Abstract
Background: Pakistan represents one of the highest global β-thalassemia burdens, bearing an estimated carrier frequency of 5-7% and over 100,000 affected individuals (WHO, 2023). However, comprehensive molecular characterization remains limited. The confluence of high consanguinity rates and historical malaria-driven founder effects creates distinct genetic architectures demanding population-specific therapeutic approaches.
Methods: In a prospective hospital-based cohort study (2021–2025), we analyzed collected samples across multiplecentres in Pakistan. Comprehensive HBB gene sequencing was performed through NGS with >100x coverage, followed by variant calling GATK pipeline and classification by zygosity. All variants and novel compound heterozygous combinations were cross-referenced against ClinVar, HGMD, and HbVar databases.
Results: Analysis revealed that 1,269 (59.7%) were homozygous, 428 (20.2%) compound heterozygous, and 427 (20.1%) heterozygous. There was balanced gender distribution (49.3% male vs 50.7% female), consistent with autosomal recessive inheritance (p<0.001). The prevalence of two predominant variants: HBB: c.92+5G>C (553 patients, 43% of homozygous) and HBB: c.27dupG (291 patients, 23% of homozygous), accounted for 66.5% of severe cases. Among 84 unique variants in total, with remarkable genetic stratification, the top 5 variants comprised of 82.4% homozygous cases (95% CI: 80.1–84.7%), indicating strong founder effects. We also identified 13 novel compound heterozygous combinations not previously documented, involving common variants in new allelic combinations discovered between 2021-2024. These novel combinations spanning frameshift-splicing (c.25_26delAA~c.92+5G>C), missense-frameshift (c.79G>A~c.92+5G>C), one unique complex tri-allelic patterns (c.16C>T+c.15T>A+c.19G>T), and dual splicing variants (c.93-3T>G~c.92+5G>C), expanding the known mutation spectrum. The common variants c.92+5G>C and c.27dupG appeared in 5 and 3 novel combinations, respectively, demonstrating how population-specific allelic arrangements create unprecedented genetic diversity.

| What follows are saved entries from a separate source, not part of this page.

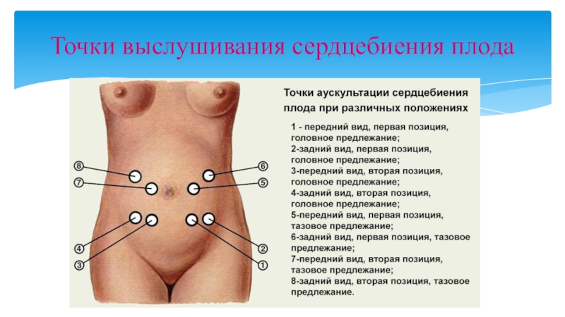 ясного выслушивания сердцебиения плода (при головном предлежании ниже пупка, а при ягодичном – выше пупка); с помощью секундомера засечь время и подсчитать число сердцебиений плода в одну минуту, отметить ритмичность и четкость ударов; для исключения ошибки сравнить с пульсом беременной, который по ритму не должен совпадать с сердцебиением плода.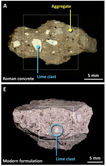 Image of an old Roman concrete chunk complete with quicklime pieces furnished courtesy of extremetech.com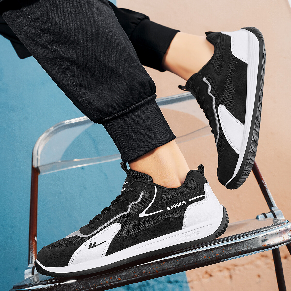 Кроссовки WARRIOR Skateboarding Shoes Men Low-top Black/white, черный/белый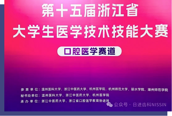 2025年浙江省大學(xué)生醫(yī)學(xué)技術(shù)技能大賽(口腔醫(yī)學(xué)專業(yè)賽道)共設(shè)置6個項目,日進齒科材料(昆山)有限公司全程為3個項目提供配套支持。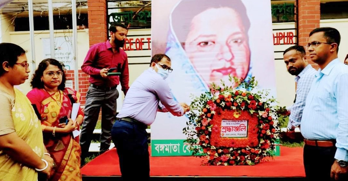 এর আগে জেলা প্রশাসক কার্যালয়ের সামনে বঙ্গমাতা শেখ ফজিলাতুন নেছা মুজিবের প্রতিকৃতিতে পুষ্পমাল্য অর্পণ করেন জেলা প্রশাসক মো. জাহেদুর রহমানসহ জেলা প্রশাসনের অন্যান্যরা।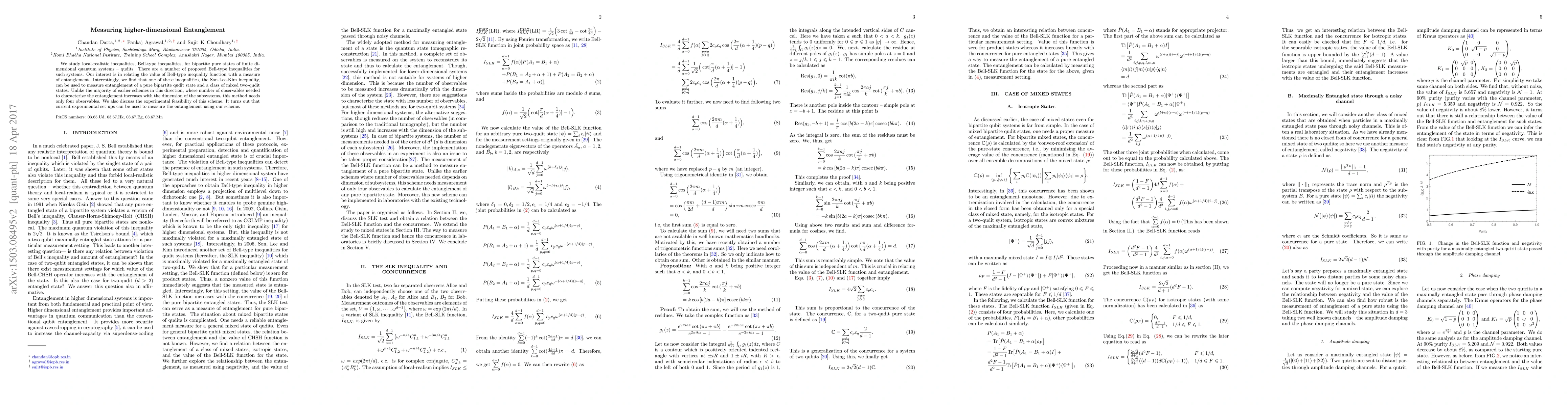 This paper investigates Bell-type inequalities to measure higher-dimensional entanglement in quantum systems, finding that the Son-Lee-Kim inequality can quantify entanglement using only four observables. Current experimental setups are viable for implementing this method.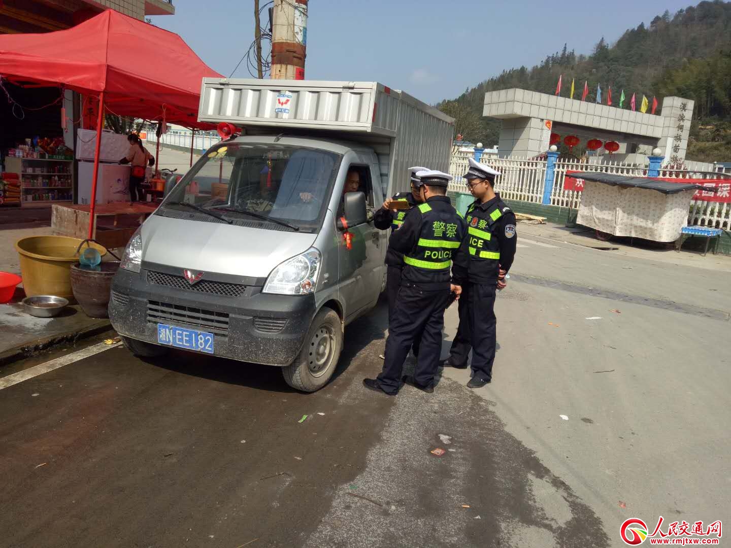 人民交通網(wǎng)訊(通訊員 陳鈺洲)“張大叔,你騎摩托車去趕集呀,要佩戴安全頭盔呢!不戴頭盔騎乘摩托車是很危險的行為”3月20日,是會同縣漠濱鄉(xiāng)趕集日,在該鄉(xiāng)中心小學(xué)門前三岔路口,交通輔警楊虬、唐敬凱正在對一名不遵守交通規(guī)則的村民進(jìn)行勸導(dǎo)。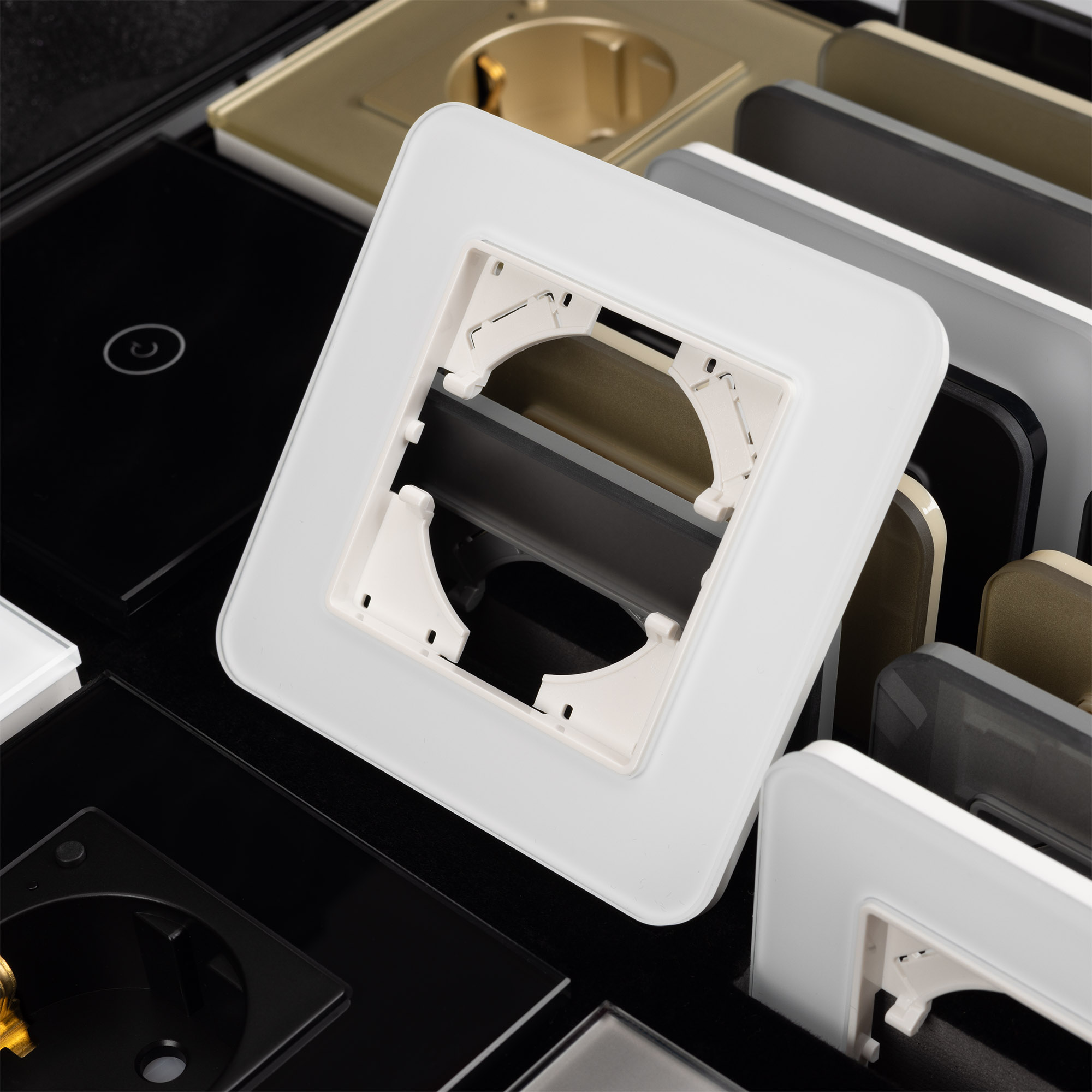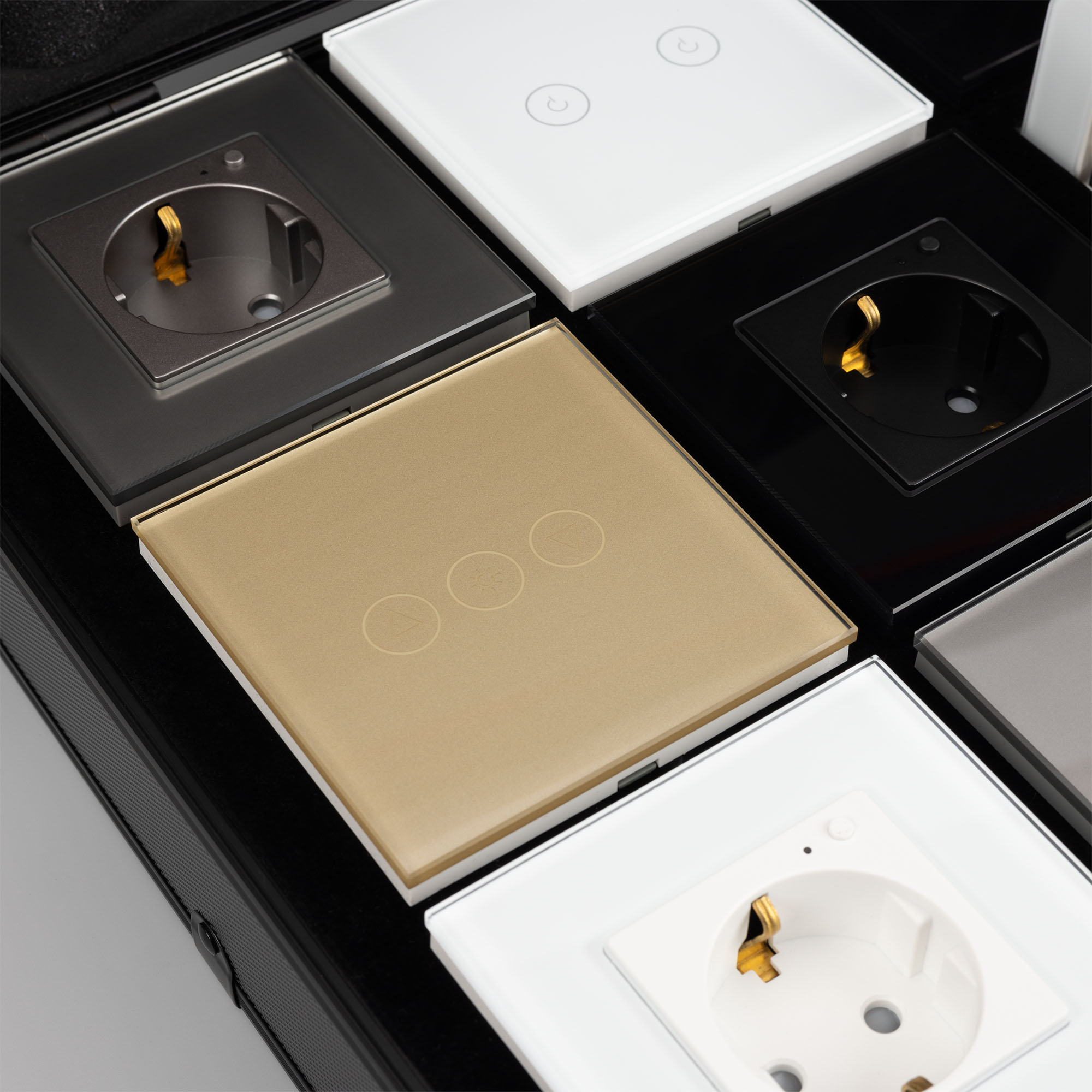 Демо-кейс с наполнением рамок серии OMALI и готовые решения умных устройств одноименной серии. Демо-кейс содержит: Рамки серии OMALI в цветах белый, черный, золотой и серебристый (серый). Поверхность рамок имеет глянцевое и Soft-Touch покрытие; Выключатель сенсорный OMALI на три клавиши в белом цвете - арт. 050042 Розетка OMALI с Zigbee управлением в белом цвете - арт. 050215 Светорегулятор сенсорный OMALI на три клавиши в золотом цвете - арт. 050064 Розетка OMALI с Zigbee управлением в золотом цвете - арт. 050218 Розетка OMALI с Zigbee управлением в серебристом(сером) цвете - арт. 050101 Выключатель сенсорный OMALI на три клавиши в серебристом(сером) цвете - арт. 050047 Выключатель сенсорный OMALI на одну клавишу в черном цвете - арт. 050033 Розетка OMALI с Zigbee управлением в черно цвете - арт. 050216 Умные устройства серии OMALI являются готовым решением, которое не требует дополнительной комплектации в виде рамки. Рамки представленные в данном демо-кейсе сочетаются с механизмами одноименных серий.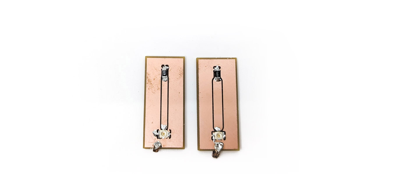 Either way, the reflection loss is low: -20 dB around the frequencies of interset. After finding a more accurate estimate of $\epsilon_{\rm eff}$, I decided to change the length to 22.65 mm. Rather than make another terminated line, I made a two-port device that transforms the signal to $75~\Omega$, and back to $50~\Omega$: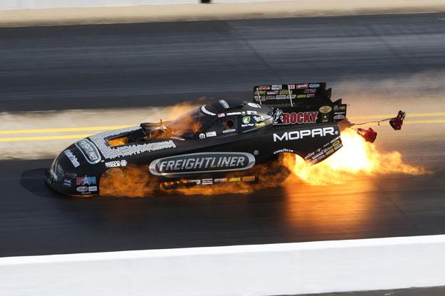 Matt Hagan is no stranger to big engine explosions at zMAX Dragway, having been involved in a number of big boomers at the Charlotte-area track over the years, and he once again lit ’er up on his final qualifying run today.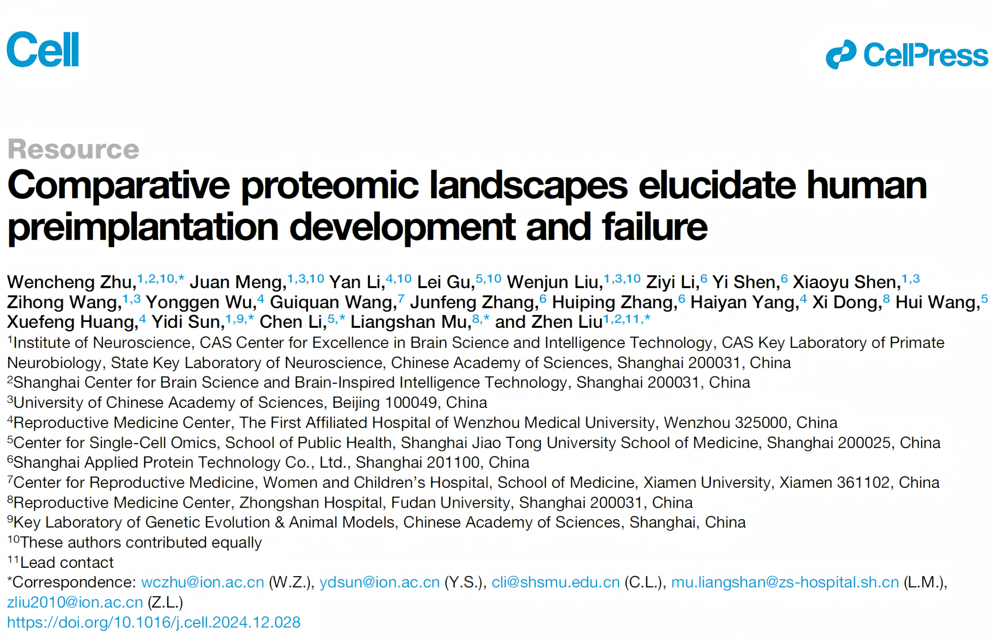 2025年1月23日,中国科学院脑智卓越中心/上海脑科学与类脑研究中心刘真、孙怡迪、朱文成,复旦大学附属中山医院生殖医学中心木良善,以及上海交通大学医学院李辰合作在国际学术期刊《Cell》在线发表了题为《Comparative proteomic landscapes elucidate human preimplantation development and failure》的研究论文。在这项工作中,研究团队优化了此前开发的超灵敏蛋白质组学技术体系,并通过低投入的样本描绘了人类和小鼠着床前胚胎的深度蛋白质组景观图谱。团队结合跨物种比较和多组学整合分析,系统性地解读了哺乳动物早期胚胎发育的过程,并围绕临床上常见的低质量胚胎的形成进行了单胚胎蛋白质组分析。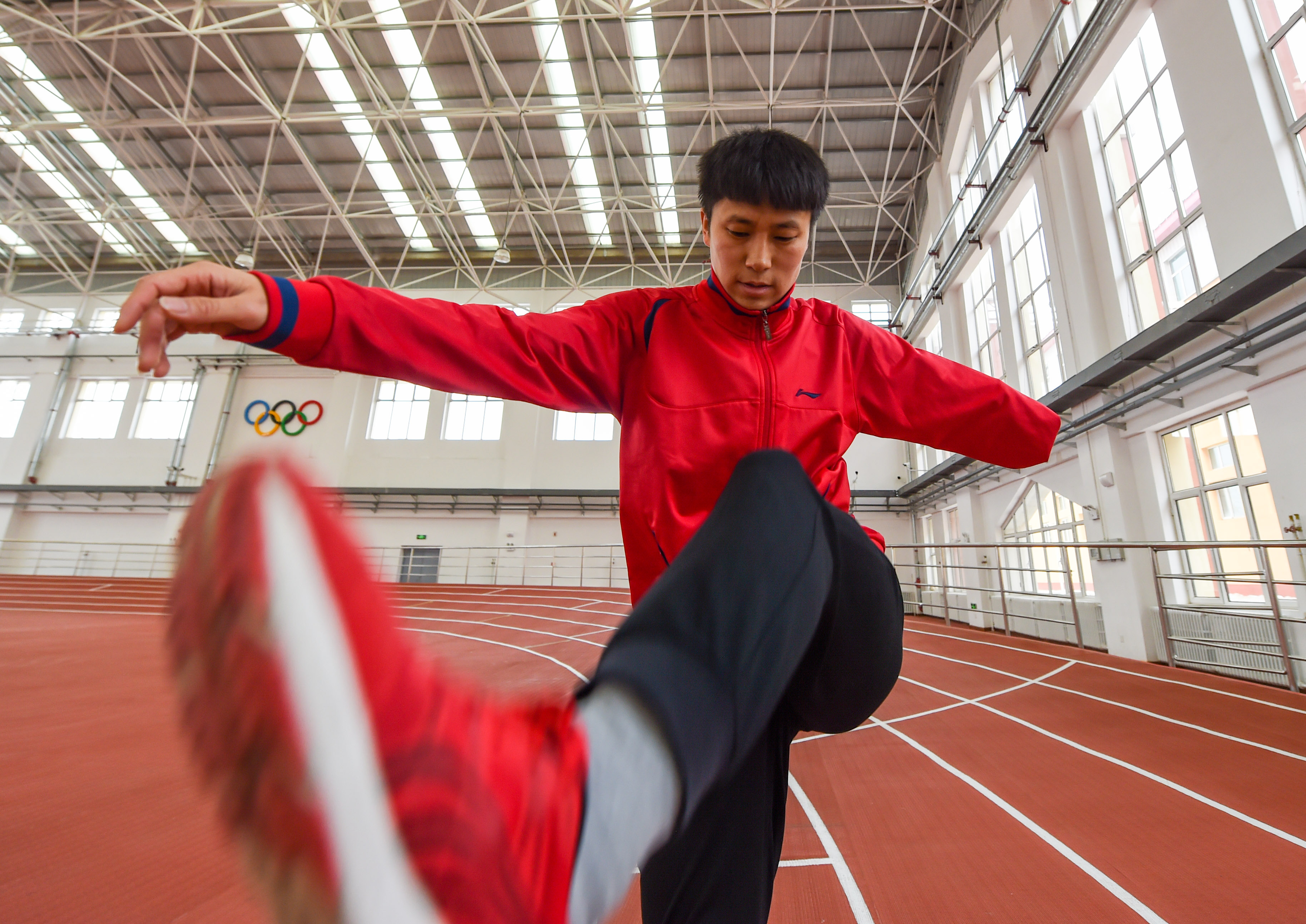 1月12日,赵强在内蒙古自治区体育局武川训练基地的体育馆内进行热身训练。新华社记者彭源摄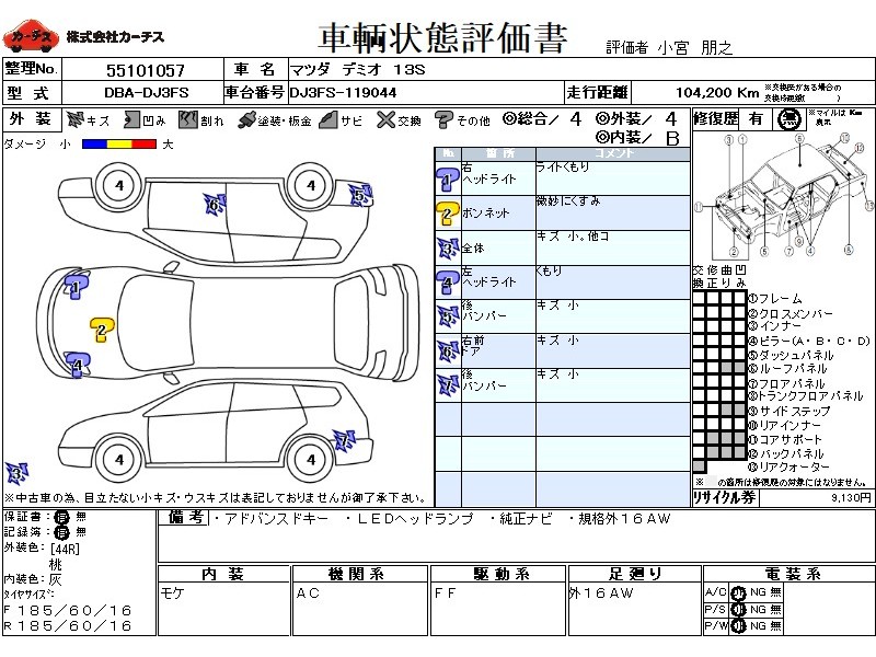 乗車定員(5人) / エアコン(マニュアル) / パワーステアリング / パワーウィンドウ / 集中ドアロック / エアバッグ / 助手席エアバッグ / サイドエアバッグ / ABS / トラクションコントロール / カーナビゲーション(オンダッシュ,SSD) / アルミホイール(社外)(16インチ) / スマートキー / ハイマウントストップランプ /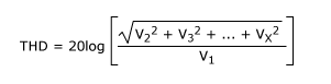 總諧波失真(THD):出現(xiàn)在輸入(DAC為輸出)頻率整數(shù)倍頻點(diǎn)(諧波)的失真的RMS值與輸入(或輸出)正弦波的RMS值之比。測(cè)量中僅包括奈奎斯特頻限內(nèi)的諧波,典型值以分貝表示: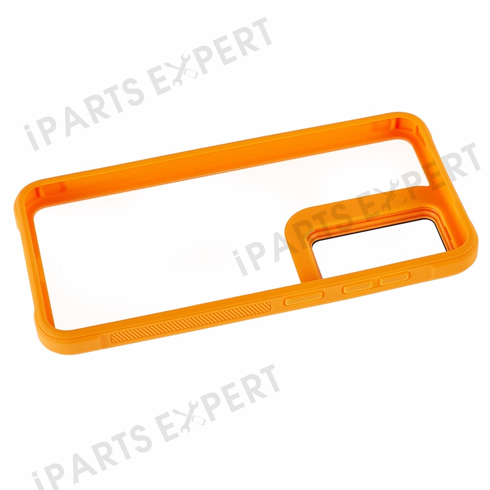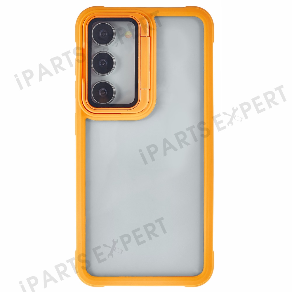 For Samsung Galaxy S23+ Case with Lens Cover Kickstand PC + TPU Clear Back Phone Cover - Orange

Conclusions: Our study demonstrates a distinctive Pakistani β-thalassemia genetic signature. The dominance of five variants (>80%) of severe disease creates unprecedented opportunities for precision diagnostics and gene-targeted therapies. Moreover, the discovery of 13 novel combinations of compound heterozygous expands the global mutation spectrum and provides critical insights for population-specific treatment strategies.